СЕМЕНОВНА. Да тихо ты, внука разбудишь. Вон прям на диване под утро во всем, как есть заснул.
АЛИНА. И что? Не в первый раз.
СЕМЕНОВНА. То-то и оно. Опять всю ночь кофе глушил и в этот свой пялился. Что он там все выискивает?
АЛИНА. (Подходит к сыну. Осторожно снимает наушники, убирает их вместе со смартфоном в сторону. Накрывает Стаса пледом). Хорошо, что кофе глушит, а не водяру, как некоторые. А выискивает. Что надо, то и найдет. Как он, «не отходя от кассы» нашел все нужные телефоны «Крестов». Узнал, куда Дениса упрятали. Сегодня мы с Ириной туда идем. Она уже и адвоката нашла. Другом мужа оказался.
СЕМЕНОВНА. А муж-то где?
АЛИНА. Он в Германии. Уехал туда еще в те окаянные дни.

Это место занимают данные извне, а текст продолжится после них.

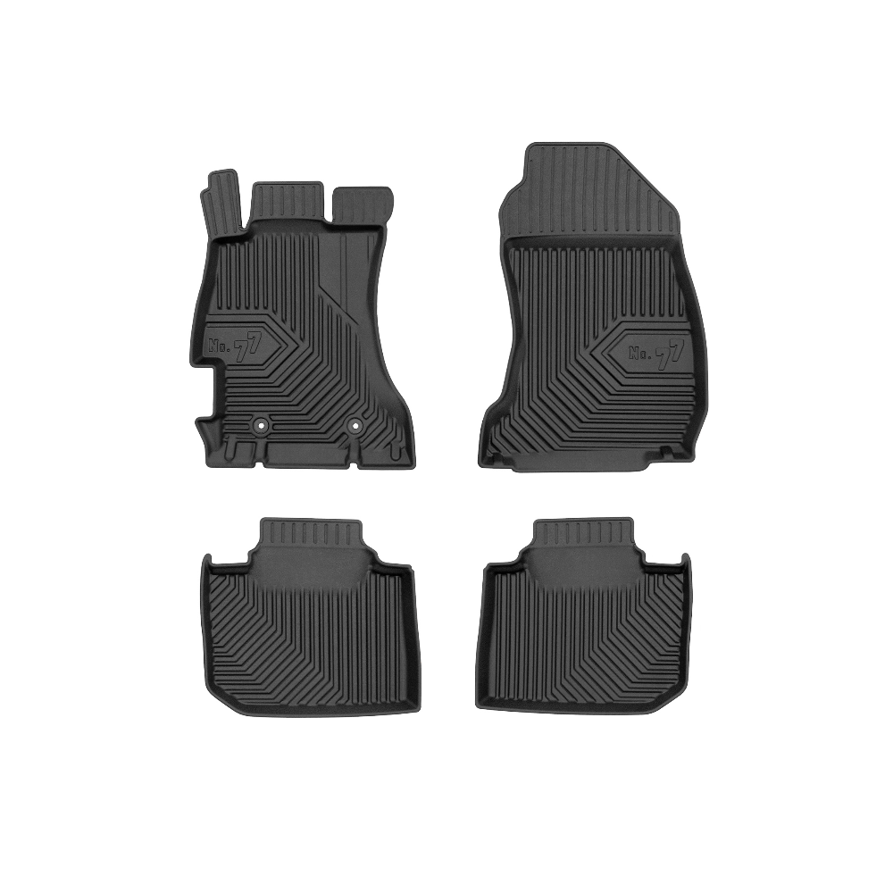 Guminiai Premium 77 kilimėliai: (aukštos kokybės plastiko, gumos mišinys / TPE, komplektas - 4vnt., juodi, krašto aukštis 4 cm, montavimo būdas - spaustukai).AUTOMOBILIŲ KILIMĖLIAI FROGUM 77 PREMIUM• Dėl naujoviškos 3D skenavimo technologijos atitinka idealiai; • Krašto aukštis - 4 cm suteikia didesnę apsaugą nuo nešvarumų • Modernus ir funkcionalus dizainas, išlaikantis nešvarumus kilimėlio viduje • Neslystantys spacialūs spaustukai, lengva montuoti; • Speciali apsauga, leidžianti nuleisti vairuotojo koją;Aukšto lygio apsauga jūsų automobiliui, kilimėliai idealiai atitinka ir puikiai priglunda prie salono grindų. Modernus ir funkcionalus dizainas, bei aukštas kraštas garantuoja efektyvų vandens ir purvo surinkimą ir neleidžia jam nutekėti. Taip automobilio salonas išlieka švarus. Pagaminti iš aukštos kokybės gumos, kurioje nėra toksiškų komponentų. Bekvapis. Kilimėliai turi spaustukus, todėl jį lengva pritvirtinti prie grindų. Guminiai kilimėliai išlaiko savo elastingumą net esant temperatūros pokyčiams. Specialus paviršius neleidžia kilimėliams slysti vairuojant, todėl labai paveikia saugumą ir kelionės komfortą.

СЕМЕНОВНА. Можно подумать нынче медовые. Та же напасть. Все никак не уймемся. Все недовольны. То цены поднялись, то медицина сплошь платная, то коммуналка растет каждый месяц.
АЛИНА. А что не так?
СЕМЕНОВНА. Так-то оно так. Но мы приучены терпеть.
АЛИНА. Это вы приучены. А вот у некоторых терпения не хватает.
СЕМЕНОВНА. Значит, этому ихнему муженьку тоже стало невтерпеж, коль уехал? А дитё значит бросил. Сбежал за лучшей жизнью.
АЛИНА. Ирина сама не захотела уезжать. И ребенка не отдала.
СЕМЕНОВНА. Так правильно. Патриотка и мать настоящая.
АЛИНА. Все проще. У нее здесь работа любимая.
СЕМЕНОВНА. Видать мужик-то нелюбим, коль его на работу променяла. Ладно. Садись к столу. Будем завтракать. Этого будить не надо, а вот Стешку я позову. Пусть моих оладышков с яблоками отведает. Не все ее пирогами потчеваться. (Стучит в стену) Стешка, где ты там. Давай к нам чапай.
АЛИНА. Вот ты, точно Стаса разбудишь.
СЕМЕНОВНА. Ага счас. Хоть из пушек пали, он не проснется. Намаялся за ночь. (К Алине) Пока разливай. (Сама идет открывать) О, она опять не с пустыми руками.
СТЕША. А как же. Думаешь ты одна птаха ранняя? Я уже вон котлеток овощных напекла.
К завтраку в самый раз. Да еще и со сметанкой.
СЕМЕНОВНА. Поди, снова капустные?
СТЕША. Нет на этот раз из кабачков. У нас в этом-то маркете нынче кабачки по скидки были. Я и прикупила.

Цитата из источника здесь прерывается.